Lila Bird's question at Yahoo! Answers regarding minimizing plot of land

MarkFL

Staff member
Here is the question:

Calculus applied max/min problem?

A rectangular swimming pool is to have a area of 54 sq yards the walkway that surrounds the pool is 3 yards wide at the deep and shallow ends and 2 yards wide along the sides. Find the dimensions of the rectangular plot of the smallest area that can be used
I have posted a link there to this topic so the OP can see my work.

MarkFL

Staff member
Hello Lila Bird,

I like to work such problems in general terms, which allows us to derive a formula that we can use for similar cases, and also to see how the various parameters affect the solution. So let's define:

$$\displaystyle A_P$$ = the area of the pool itself.

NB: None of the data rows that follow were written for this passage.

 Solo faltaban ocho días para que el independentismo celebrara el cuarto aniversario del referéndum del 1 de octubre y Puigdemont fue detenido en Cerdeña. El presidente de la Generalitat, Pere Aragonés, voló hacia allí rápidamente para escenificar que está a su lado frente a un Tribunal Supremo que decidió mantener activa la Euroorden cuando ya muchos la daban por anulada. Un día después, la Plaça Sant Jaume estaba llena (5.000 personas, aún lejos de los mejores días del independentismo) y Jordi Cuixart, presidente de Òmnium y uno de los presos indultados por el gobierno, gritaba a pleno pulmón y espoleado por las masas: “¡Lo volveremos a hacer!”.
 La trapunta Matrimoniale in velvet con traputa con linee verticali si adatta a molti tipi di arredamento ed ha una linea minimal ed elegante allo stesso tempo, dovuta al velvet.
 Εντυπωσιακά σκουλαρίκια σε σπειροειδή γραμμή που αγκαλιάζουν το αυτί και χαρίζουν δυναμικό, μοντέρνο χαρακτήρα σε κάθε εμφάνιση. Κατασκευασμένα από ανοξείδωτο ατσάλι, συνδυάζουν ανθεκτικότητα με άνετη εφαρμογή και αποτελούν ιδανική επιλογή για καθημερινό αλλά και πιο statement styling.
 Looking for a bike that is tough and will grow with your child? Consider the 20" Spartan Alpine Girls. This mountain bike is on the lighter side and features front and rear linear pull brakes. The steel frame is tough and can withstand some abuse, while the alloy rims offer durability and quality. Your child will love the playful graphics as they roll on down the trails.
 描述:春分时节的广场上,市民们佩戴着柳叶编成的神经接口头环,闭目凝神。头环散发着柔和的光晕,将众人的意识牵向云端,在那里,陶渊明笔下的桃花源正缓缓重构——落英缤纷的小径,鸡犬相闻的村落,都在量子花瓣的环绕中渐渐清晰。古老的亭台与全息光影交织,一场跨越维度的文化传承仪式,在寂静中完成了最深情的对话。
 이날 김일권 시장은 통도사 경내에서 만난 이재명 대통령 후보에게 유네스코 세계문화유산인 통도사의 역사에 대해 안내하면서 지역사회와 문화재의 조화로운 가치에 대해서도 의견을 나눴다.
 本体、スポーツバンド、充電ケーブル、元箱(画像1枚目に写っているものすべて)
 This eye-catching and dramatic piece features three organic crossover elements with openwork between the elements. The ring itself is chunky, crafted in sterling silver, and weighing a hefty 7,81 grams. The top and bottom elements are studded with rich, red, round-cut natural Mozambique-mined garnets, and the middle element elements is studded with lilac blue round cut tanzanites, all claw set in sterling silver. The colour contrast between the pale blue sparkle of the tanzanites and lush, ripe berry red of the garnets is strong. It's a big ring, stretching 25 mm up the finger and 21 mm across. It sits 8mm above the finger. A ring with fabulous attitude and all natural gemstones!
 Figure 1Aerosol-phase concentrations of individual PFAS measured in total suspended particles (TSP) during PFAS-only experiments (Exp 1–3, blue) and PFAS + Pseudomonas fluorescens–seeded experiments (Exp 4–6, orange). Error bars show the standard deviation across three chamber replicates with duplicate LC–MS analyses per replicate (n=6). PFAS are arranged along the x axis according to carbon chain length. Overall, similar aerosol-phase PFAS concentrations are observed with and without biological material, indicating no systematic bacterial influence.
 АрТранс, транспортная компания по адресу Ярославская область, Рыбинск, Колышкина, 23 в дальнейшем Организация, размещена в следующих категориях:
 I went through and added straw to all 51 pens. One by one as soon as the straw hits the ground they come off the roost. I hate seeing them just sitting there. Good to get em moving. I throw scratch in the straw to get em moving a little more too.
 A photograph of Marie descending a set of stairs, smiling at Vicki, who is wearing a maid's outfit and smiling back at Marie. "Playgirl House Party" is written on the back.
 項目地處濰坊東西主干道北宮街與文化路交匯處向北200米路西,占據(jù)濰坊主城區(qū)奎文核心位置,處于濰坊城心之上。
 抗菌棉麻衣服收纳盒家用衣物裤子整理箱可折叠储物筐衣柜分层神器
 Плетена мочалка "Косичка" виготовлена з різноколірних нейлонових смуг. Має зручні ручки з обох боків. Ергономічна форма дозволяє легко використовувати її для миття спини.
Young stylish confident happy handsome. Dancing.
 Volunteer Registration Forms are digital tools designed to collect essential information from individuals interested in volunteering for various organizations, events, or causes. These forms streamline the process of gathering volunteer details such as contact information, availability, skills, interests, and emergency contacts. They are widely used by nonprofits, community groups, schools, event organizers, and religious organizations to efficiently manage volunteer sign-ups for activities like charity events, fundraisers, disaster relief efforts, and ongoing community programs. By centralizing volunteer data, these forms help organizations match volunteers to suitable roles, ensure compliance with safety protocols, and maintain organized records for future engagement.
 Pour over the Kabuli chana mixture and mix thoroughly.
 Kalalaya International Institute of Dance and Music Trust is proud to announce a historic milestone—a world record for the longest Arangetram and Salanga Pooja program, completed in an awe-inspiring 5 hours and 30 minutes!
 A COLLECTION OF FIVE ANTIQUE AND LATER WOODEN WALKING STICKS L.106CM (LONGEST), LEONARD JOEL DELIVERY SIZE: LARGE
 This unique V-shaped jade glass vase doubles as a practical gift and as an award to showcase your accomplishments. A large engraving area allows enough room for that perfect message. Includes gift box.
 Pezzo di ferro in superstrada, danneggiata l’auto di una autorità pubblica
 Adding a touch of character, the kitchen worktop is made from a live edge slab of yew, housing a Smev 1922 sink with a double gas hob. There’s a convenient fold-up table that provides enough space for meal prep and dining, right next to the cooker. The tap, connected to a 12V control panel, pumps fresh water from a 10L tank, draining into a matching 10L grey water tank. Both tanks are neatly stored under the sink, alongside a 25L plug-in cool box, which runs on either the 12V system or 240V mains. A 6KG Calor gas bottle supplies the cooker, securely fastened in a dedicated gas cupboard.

$$\displaystyle w_x$$ = the width of the walkway at the deep/shallow ends of the pool.

$$\displaystyle w_y$$ = width of the walkway along the sides of the pool.

$$\displaystyle A$$ = the area of the rectangular plot of land containing the pool and the surrounding walkway.

$$\displaystyle x$$ = horizontal length of plot.

$$\displaystyle y$$ = vertical length of plot.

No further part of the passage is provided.